Instructions to follow = Quote exactly the lines from the one with "Ava – Santiag" to the end of the data, both included; omit the pictures.

Dataset excerpt =
|---|

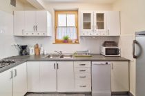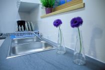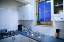 Kuchnia : lodówka z zamrażarką , zmywarka , kuchnia gazowa 4 – palnikowa , kuchenka mikrofalowa , czajnik bezprzewodowy , ekspres do kawy (przelewowy) , toster , opiekacz do kanapek , komplet naczyń , sztućce , komplet garnków i patelni , wszelkie niezbędne przybory do ugotowania pysznego obiadu ( tarka , tłuczek do mięsa , otwieracz do konserw itp.) , stół umożliwiający spożycie wspólnego posiłku przez wszystkich gości , krzesełko dla dziecka
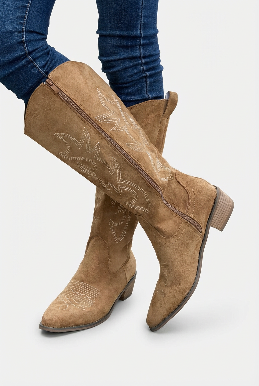 Ava – Santiag en Daim Camel Brodée Style Cowboy
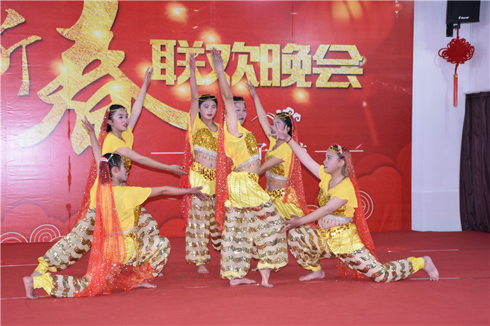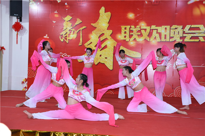 接著,伴隨著一排女生們帶來的開場舞《開門紅》,晚會正式拉開帷幕。之后的節(jié)目內(nèi)容豐富多彩,有舞蹈、小品、葫蘆絲演奏、合唱等。女生們舞姿溫婉靈動,男生們舞步大氣磅礴;剛?cè)岵、異彩紛呈的舞蹈迅速點燃了全場觀眾的熱情,把場上氣氛一次次推向高潮。小品《文明城市做文明人》更是把大家?guī)肓藲g樂的海洋。

|---|

Task answer =
 Ava – Santiag en Daim Camel Brodée Style Cowboy
 接著,伴隨著一排女生們帶來的開場舞《開門紅》,晚會正式拉開帷幕。之后的節(jié)目內(nèi)容豐富多彩,有舞蹈、小品、葫蘆絲演奏、合唱等。女生們舞姿溫婉靈動,男生們舞步大氣磅礴;剛?cè)岵、異彩紛呈的舞蹈迅速點燃了全場觀眾的熱情,把場上氣氛一次次推向高潮。小品《文明城市做文明人》更是把大家?guī)肓藲g樂的海洋。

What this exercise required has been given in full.